*GIVEN INFORMATION*:
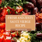 Sauce Vierge is a fresh, vibrant French sauce featuring diced tomatoes, olives, anchovies, and aromatic herbs in a lemony extra virgin olive oil base. This versatile salsa-like sauce is perfect served at room temperature over seafood, grilled vegetables, chicken, pork, pasta, or as a flavorful dip.
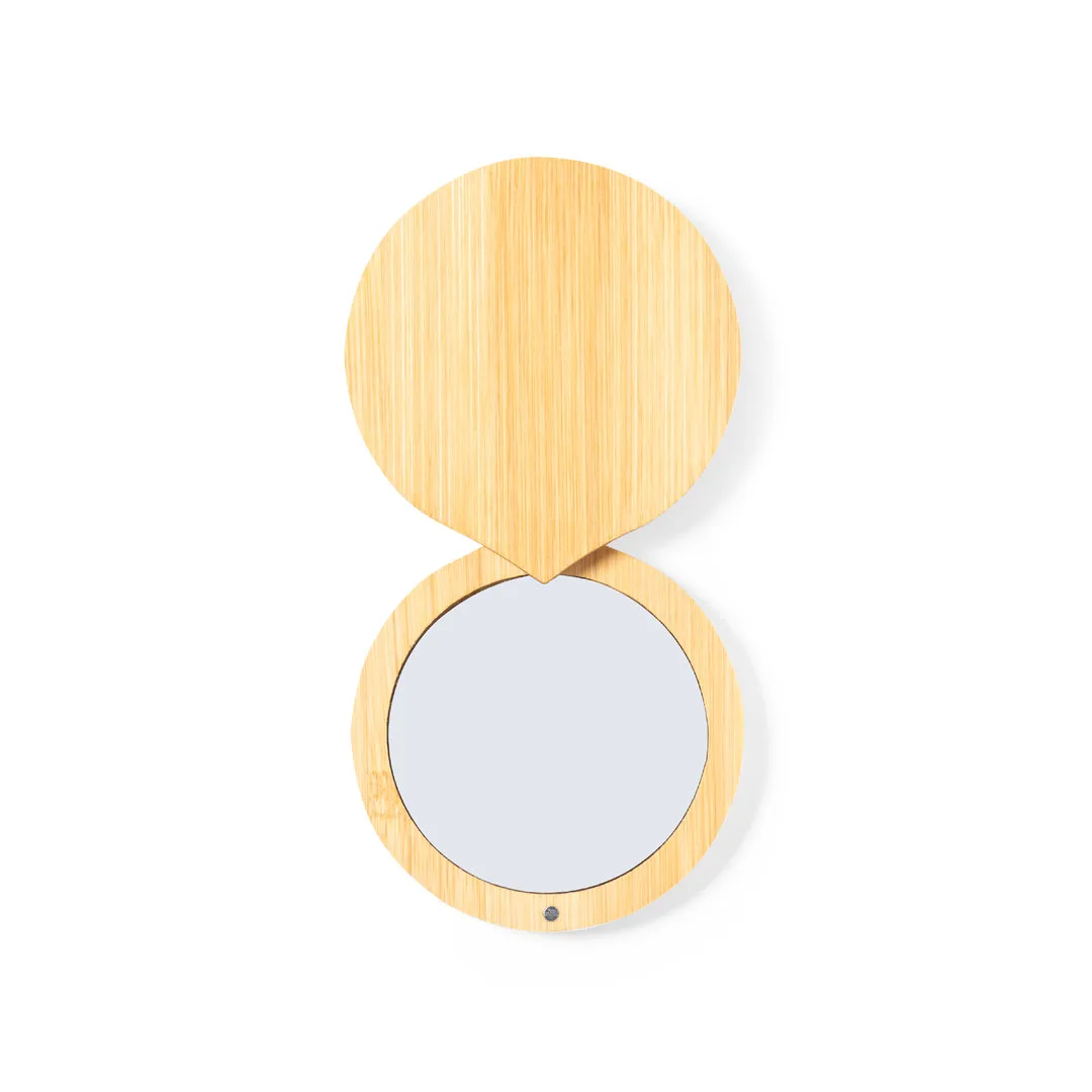 Espelho 1X da linha nature, com carcaça fabricada em bambu e fecho magnético. Apresentado numa caixa individual de design kraft.Bambu
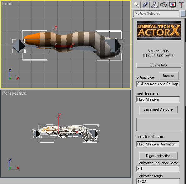 Go to the Edit menu and select "Linkup anim and mesh". You should see a list of animations for your Fluid_SkinGun now.

*WHAT THE TASK REQUIRES*: Where the data contains an image, skip the image and copy everything else exactly as it appears.

*RESULT*:
 Sauce Vierge is a fresh, vibrant French sauce featuring diced tomatoes, olives, anchovies, and aromatic herbs in a lemony extra virgin olive oil base. This versatile salsa-like sauce is perfect served at room temperature over seafood, grilled vegetables, chicken, pork, pasta, or as a flavorful dip.
 Espelho 1X da linha nature, com carcaça fabricada em bambu e fecho magnético. Apresentado numa caixa individual de design kraft.Bambu
 Go to the Edit menu and select "Linkup anim and mesh". You should see a list of animations for your Fluid_SkinGun now.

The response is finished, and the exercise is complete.